Henri Becquerel, Marie Curie and Magic Power of Radioactivity

  February 06, 2021   Read time 1 min
Henri Becquerel, Marie Curie and Magic Power of Radioactivity
Nuclear science is an interdisciplinary science and it cannot be reduced into just one disciple, because numerous scientists from different fields of scientific study have contributed to its formation. One might be a chemist while the other worked on physics. However, the final result was a science that could define a historical epoch and age.

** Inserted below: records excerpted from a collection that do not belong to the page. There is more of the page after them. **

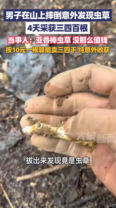 “这就是命啊!”贵州开阳,一男子上山游玩,不慎摔了一跤,结果却意外瞥见土里疑似虫子的东西,扯出来一看,竟然是虫草,四天挖出400多根!网友:好运来了挡也挡不住! 男子沿着山间小路慢慢前行,注意力大多放在周围的景致上,没太留意脚下的路况,脚下一滑,重重摔在了地上。 换做常人,摔倒后大概率会赶紧起身,拍掉身上的泥土,或许还会抱怨几句运气不佳。 但这名男子没有急着起身,手掌撑在地上时,无意间瞥见身旁的泥土里,露出了一点小小的、类似虫子的东西,只冒出来一个尖头,不仔细看根本发现不了。 他心里一动,起身蹲下身,小心翼翼地用手拨开周围的泥土,轻轻一扯,一根形状奇特的东西被完整拉了出来——竟然是虫草。 说实话,这一场摔倒确实充满了偶然性,但若不是男子摔倒后多留意了一眼,这份意外惊喜或许就会擦肩而过。 男子捧着手里的虫草,又惊又喜,他从小在山边长大,对山间的草木虫石多少有些了解,一眼就确认了这是虫草,也知道这种东西有着不错的药用价值,若是野生的,价值会更高。 惊喜过后,男子没有就此止步。 他想着既然这片山间有虫草,或许还能找到更多,于是从第二天开始,他每天都上山,沿着第一次摔倒的周边区域仔细搜寻。 山间的路并不好走,杂草丛生,想要在密密麻麻的草丛和泥土里找到小小的虫草,并不容易,每一根都需要弯腰、拨开泥土仔细查看。 就这样,他日复一日,连续四天进山搜寻挖掘,哪怕累得腰酸背痛,也没有放弃。 功夫不负有心人,四天下来,他累计挖出了四百多根虫草,看着自己的收获,男子心里满是欢喜。 这段经历后来被传播开来,有媒体也报道了此事,只不过不同报道里,对男子的称谓略有不同,有的称他为陈先生,有的则称他为李先生,挖掘的数量也有两三百根的说法,但核心都是围绕着他摔跤发现虫草、连续四天挖掘收获颇丰这一事实。 一开始,不管是男子自己,还是看到报道的人,都以为他挖到的是名贵的冬虫夏草,不少人都羡慕他的好运气,觉得这简直是“老天爷送财”。 但后来经过确认,大家才知道,他挖到的其实并不是冬虫夏草,而是一种名为亚香棒虫草的品种。 这种虫草虽然也有一定的药用疗效,但稀缺程度远不如冬虫夏草,价格也相对低廉,一根大概也就十块钱左右。 即便知道了虫草的真实品种和价值,男子也没有丝毫失落。 按照四百多根、每根十块钱计算,这些虫草大概能卖三四千元,折算下来,相当于他这四天每天能有一千元左右的收入,对于添补家用来说,已经是一笔不错的意外之财。 男子这份心态很可贵,没有因为价值不及预期而抱怨,反而能坦然接受这份意外收获,这份从容比收获本身更让人佩服。 随着这件事的热度越来越高,网友们也纷纷展开了讨论,大多是羡慕男子的好运气,还有人调侃说,他这一跤,相当于摔出了好几天的上班工资。 也有一些网友科普,提醒大家,真正的冬虫夏草是国家重点保护野生植物,未经许可擅自采挖是违法行为,还会破坏生态环境,而男子挖到的亚香棒虫草虽然不属于保护品种,但也需要谨慎采挖。 其实仔细想想,男子能有这份收获,固然有运气的成分,但更多的是靠他的细心和坚持。 若是他摔倒后只顾着抱怨,没有留意到泥土里的虫草,若是他发现一根后就半途而废,没有连续四天进山搜寻,也不会有这样的收获。 而且,他从小在山边长大,熟悉山间环境,能准确识别虫草,这也是他能抓住这份意外惊喜的关键——若是换做不熟悉山野的外行,即便摔倒在虫草旁边,大概率也不会发现这份隐藏的惊喜。 此外,这件事也给大家提了个醒,野外活动时,一定要注意自身安全,走路时留意脚下,避免发生摔倒等意外。 同时,对于不熟悉的动植物,也要保持谨慎,不要随意采挖、食用,避免引发不必要的风险。 男子的这段经历,没有惊天动地的情节,却因为这份不期而遇的惊喜,被很多人记住。 它也告诉我们,生活中,很多意外的美好,往往就藏在不经意间,只要我们多一份细心、多一份坚持,或许就能抓住那些藏在平凡日子里的小幸运。 今天的分享到这里就结束了,大家对此事有何看法,欢迎在评论区留言和讨论,感兴趣的可以点击头像加关注,我将每日更新优质内容,我们下期见。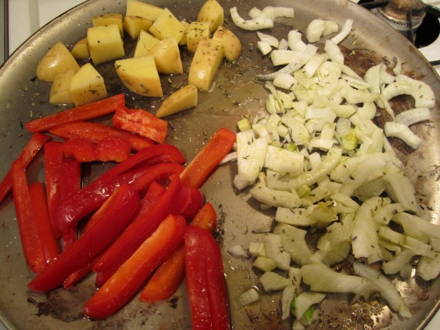 Slice red peppers in half then lengwise into 1/2″ strips. Remove core from fennel and slice crosswise into 1/2″ half-moons. Dice potatoes into 1″ cubes. Lay all out on tray and drizzle with oil, salt pepper and herbs de provence.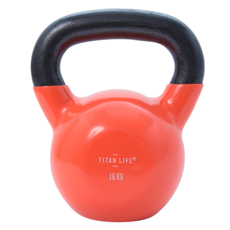 TITAN LIFE Kettlebell er velegnet til din hjemmetræning såvel som et professionelt fitnesscenter. Denne kettlebell er produceret i slidstærkt støbejern og har en vinyl overflade, som har en praktisk funktion. Vinyl overfladen betyder at denne kettlebell ikke slider eller ridser dit gulv. Øvelser med kettlebells giver dig gode muligheder for, at udøve øvelser til hele din krop på én gang, da det kræver både balance, fleksibilitet og udholdenhed. Anbefalede øvelser med kettlebells er Kettlebell Swing, Windmill, Goblet Squat og the Snatch. Med disse øvelser styrker du især glutes og lår. Sving bevægelsen tilføjer et kardiovaskulært element til din styrketræning, som betyder at du samtidig også forbrænder fedt.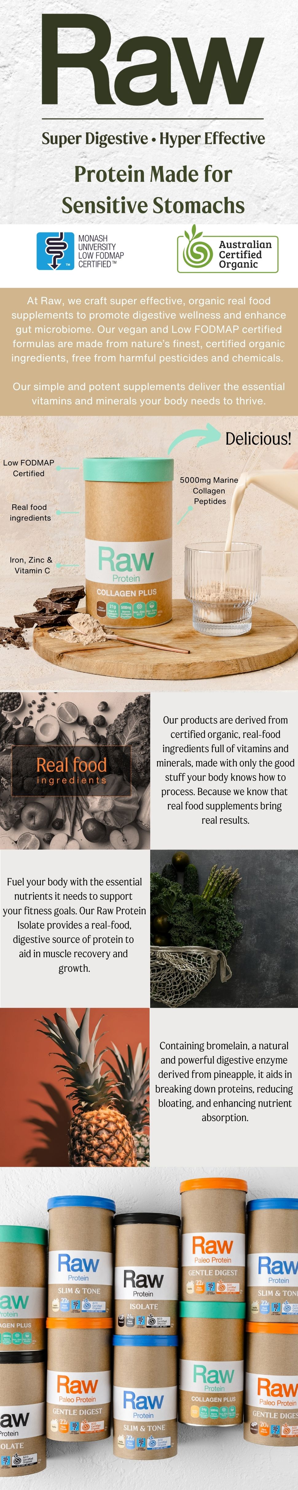 Amazonia Raw Protein Collagen Plus là hỗn hợp cao cấp của Marine Collagen và protein thực vật nảy mầm và lên men hữu cơ để hỗ trợ sản xuất collagen và cấu trúc mô liên kết. Công thức này chứa 5000mg Peptide Collagen thủy phân loại I & III có khả năng sinh học cao và enzyme tiêu hóa có nguồn gốc thực vật để hỗ trợ hấp thụ dễ dàng. Với Vitamin C hữu cơ toàn thực phẩm để hỗ trợ sản xuất collagen và Kẽm để hỗ trợ tóc, da và móng, đây là protein làm đẹp tuyệt vời Thực phẩm bổ sung thực phẩm siêu tiêu hóa, siêu hiệu quảYêu cầu về sản phẩm: Được chứng nhận FODMAP thấp, không chứa gluten, không chứa đậu nành, không chứa GMO, không chứa chất tổng hợp, peptide collagen biển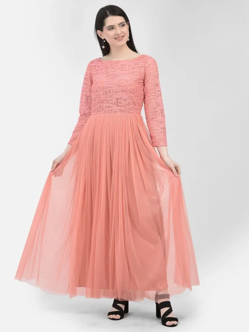 Eavan Women Peach Solid Dress made from Polyester Fabric having Maxi Boat Neck and Full Sleeves

Becquerel’s accidental discovery of radioactivity is one of the defining moments in the history of nuclear science and technology. At the time, the only known forces in classical physics were those associated with either gravitation or electricity and magnetism. Physicists in the late nineteenth century felt comfortable that they understood the universe and how it functioned. The discovery of radioactivity presented them with an annoying little puzzle—the solution of which spanned twentieth-century science and required a detailed understanding of how a new “strong nuclear force” functioned at very short ranges (on the order of 10−15 meter) within the atomic nucleus. When Becquerel discovered radioactivity, physicists and chemists still treated atoms as tiny, indivisible spheres. In 1898, the Polish-born French scientist Marie Curie (1867–1934) gave the name radioactivity to the phenomenon discovered by Becquerel. Working with her husband, the French physicist Pierre Curie (1859– 1906), she isolated the natural radioactive elements radium and polonium from a uranium ore called pitchblende. Scientists immediately began to investigate the strange emissions from various naturally radioactive substances. They soon discovered that when a radioactive source was placed in a magnetic field, three distinctly different activities took place. They called these emissions alpha rays, beta rays, and gamma rays. Scientists noticed that some emissions (the alpha rays) steered in a negative direction (suggesting the presence of a positive charge); other emissions (beta rays) steered in a positive direction (suggesting the presence of a negative charge); while still other emissions (gamma rays) remained totally unaffected by the imposed magnetic field. Several years later scientists associated alpha rays with the positively charged nuclei of helium-4 atoms; beta rays with energetic electrons emitted from within the atomic nucleus; and gamma rays with photons of intensely penetrating electromagnetic radiation emitted by processes within the atomic nucleus.